In our study, it was noted that the respondents’ quality of life in the psychological, environmental, and social relationships domains can be ranked as average to high; although in the social relationships’ domain, no patient obtained the maximum score.
In contrast, other studies showed a deterioration in patients’ psychological quality of life. This is the domain most poorly rated by patients, and they reported experiencing anxiety and depressive symptoms. These problems apply to all CIED patients, but a significantly lower QoL is noted in ICD patients. Also, whether the device was implanted in primary or secondary prevention makes a difference, but research results are not unanimous.

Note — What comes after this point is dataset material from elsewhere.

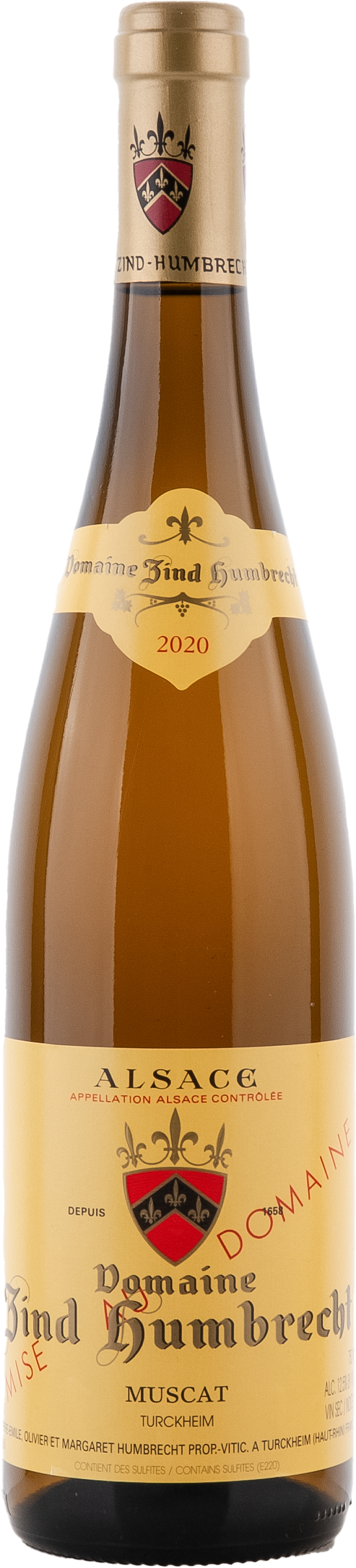 Der Muscat stammt von einer Selektion eigener alten Rebstöcke von weißen und roten Trauben der Sorte Muscat d’Alsace. Er ist spät reifend mit guter Säurestruktur und bestens an das warme Klima angepasst. Der Turckheimer Muskateller wird ausschließlich auf den reichhaltigen und tieferen Teil des Schwemmlandes von Turckheim angebaut, wo es etwas kühler ist und den sommerlichen Trockenperioden besser begegnet. Die Muscat benötigt volle physiologische Reife und darf daher nicht zu früh gelesen werden um pflanzliche Aromen zu vermeiden.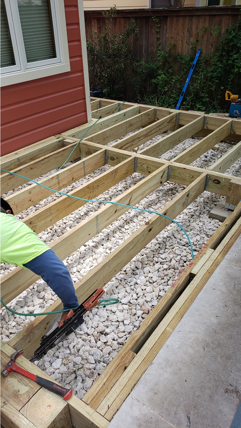 For the substructure, we laid a bed of gravel for proper drainage so the lumber won’t sit in water. Rock underneath the structure will allow those boards to dry out. We also applied wood guard to the wood here for increased durability and to ward off decay, fungi, mold and termites.

However, electrical discharge of a device definitely has a negative impact on the psychological state of patients [35-37]. Whereas in relation to QoL in social aspects, an improvement or a neutral attitude is rather noticed [16, 35].
In this study, it was observed that the place of residence and type of CIED correspond with the level of QoL. This, to some extent, is in line with other studies. However, in other research, more correlations were seen between QoL and socio-demographic and medical data, including age, gender, marital status, education, and medical factors mainly related to pacemaker function, such as younger people, women, people with lower education and those who experienced problems with CIED functioning reported a poorer QoL [14, 38-40].
Moreover, many studies demonstrated correlations between QoL and the presence of comorbidities. These usually have a negative impact on patients’ QoL, as they cause CIED implantation to be less beneficial and complications may occur more frequently. This applies to both PM and ICD implantation [14, 41, 42]. In the present study, although patients reported having comorbidities, no correlation was proven. This may have been related to the nature of the conditions, where only hypertension and atrial fibrillation were reported, and AF was declared by about 24% of the patients.
Limitations
The study was conducted in a single center and included a relatively small group of patients, especially those with CRT. Also, the investigated cohort was considerably homogenous, with majority having pacemakers implanted. This study did not include the occurrence of complications, the NYHA class patients, or the level of patient knowledge about the implanted device. In future studies, using a questionnaire specifically designed for patients with implanted devices should be considered.
Conclusions
The study group rated their physical quality of life as mostly poor. It was shown that the place of residence influenced the patients’ quality of life. Conversely, the type of implanted cardiac device appeared to be a significant determinant of the patients’ quality of life in the psychological domain. Nonetheless, these findings should be viewed with caution, as the study group was dominated by patients with pacemakers. Further analyses with a larger and more diverse group of patients are required, while the current results confirm the need for further investigation of quality of life in patients with implanted cardiac devices.
Disclosures
This research received no external funding.
The study was conducted in accordance with the Declaration of Helsinki and approved by the Institutional Review Board of Bioethical Committee, Pomeranian Medical University in Szczecin (Resolution No. KB-0012/46/01/2013, January 2013).
The authors declare no conflict of interest.